Bud, a three-year-old gelding bred by Griffiths, is named after Sydney Swans superstar Buddy Franklin, and arrived at 1am on AFL Grand Final Day. Despite being a North Melbourne supporter, Bud earned the tag as a foal, and it stayed at registration time.
“He showed ability in trails, though he’s not easy to ride, as he pulls like a steam engine … but Dean Yendall managed to get him some cover at Ballarat on the very heavy track, and he strode away to win well by over two lengths,” Griffiths said.
Bud, who started at $4 after his previous promising run at Kyneton, is far from pampered, and lives out in the paddock on Griffiths’ 33-acre property at Redesdale.
It’s a peaceful location, and new stables and a house are to be completed soon.
Griffiths enjoys doing plenty of pre-training work along quiet roads in the area, getting to know the new horses and their traits, and educating them …. a bit like pre-school for the bigger classes ahead.
The majority of gallopers she works with are provided by Australian Thoroughbred Bloodstock, which has its headquarters at Berenbroke, in Moorabool Shire.
ATB principal Darren Dance gave Griffiths a chance to prove her worth when she came to Kyneton some years ago, and the association has continued.
From small beginnings in 1997, ATB now has over 2000 owners in its books and sells and syndicates unraced and proven gallopers.
Griffiths is largely her own boss as far as time is concerned, and enjoys this freedom, with other trainers sending young horses to be pre-trained at times as well.
Quite some years ago, Griffiths worked for large horse enterprises in New South Wales, and has some interesting tales to relate about the difficulties encountered by women trying to gain full acceptance in the industry.

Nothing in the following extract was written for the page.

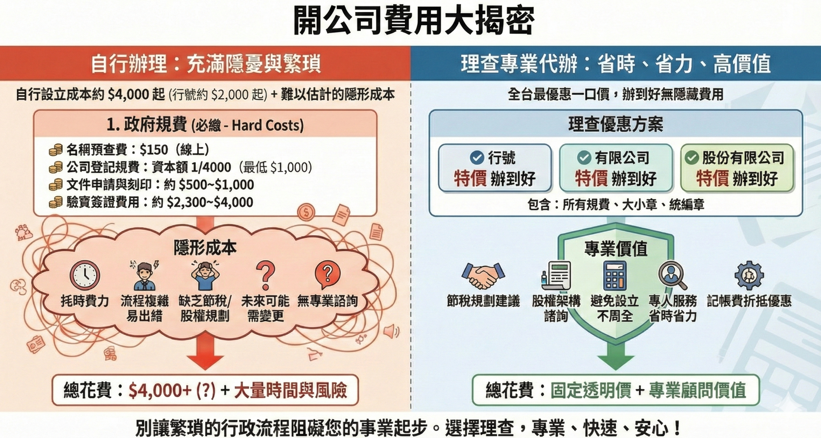 除了政府規費,您還需要考量代辦費與隱形成本,理查能以專業的服務協助您設立,省時省力也能避免設立不周全未來再變更的繁瑣事宜。

Now female trainers and jockeys are far more plentiful and prominent; Linda Meech, who rode the Stawell Cup winner on Sunday, was Victoria’s top jockey last year.
Looking back, the much-travelled Griffiths recalled she initially learnt to ride in England, and came to Australia as a 13-year-old.”It’s a rich person’s sport in England, but out here anyone has a chance to reach to top if they work hard … but being a pre-trainer is a lot easier than being a fully fledged trainer. I’m a fair dinkum Aussie now.”

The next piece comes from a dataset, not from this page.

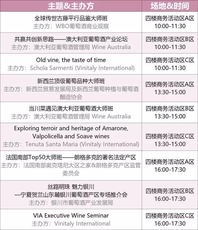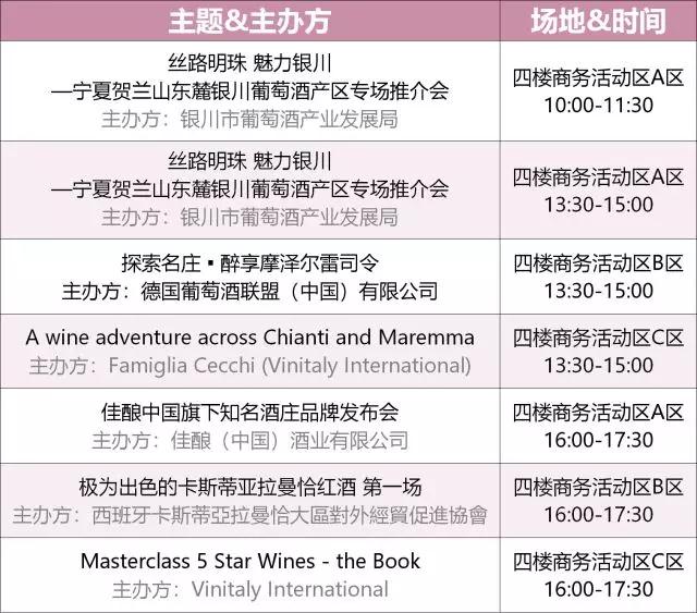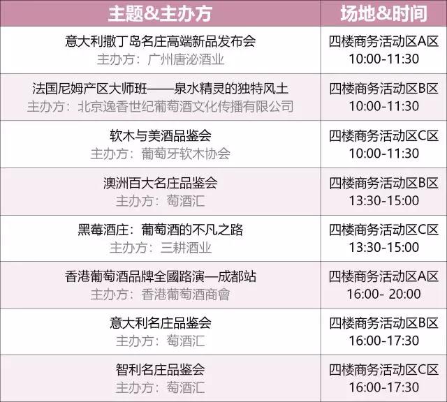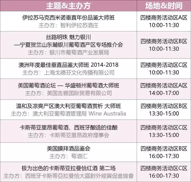 国家产区协会代表、成都各外国领事代表、酒业“大佬”(名企老板)、行业权威(如James Halliday)、MW(Master of Wine 葡萄酒大师)如赵凤仪、MS(Master of Sommelier 侍酒大师)如首位华人MS吕杨、知名讲师如小皮、朱利安、刘慧、许铁松等纷纷出动,助阵32场主题活动,4天变着花样取悦你,来四楼收获最新的国际行业信息,最丰富深刻的葡萄酒及烈酒专业知识。

After coming to Australia, she and her young sister rode their first horse at Mooroopna, a 22-year-old called Mister Jay (both on at the same time).
Griffiths follows the fortunes of the many gallopers she has pre-trained, hoping that one day she may play a very small part in the initial journey of a Melbourne Cup winner.
She hopes that Bud can mature into a more-than-useful galloper, and at the end of seeing a day’s work done, enjoys sitting down looking at a Redesdale sunset with a beer and ‘Bear’, her three-year-old german shepherd.
*Bud’s win for Griffiths was her first since she landed the 2014 Avoca Cup with nine-year-old Scareymac, ridden by Boris Thornton, but she has had very few runners since that time.

A winner: If Bud is as successful on the track as Buddy Franklin has been on the football field, he will end up as a superstar.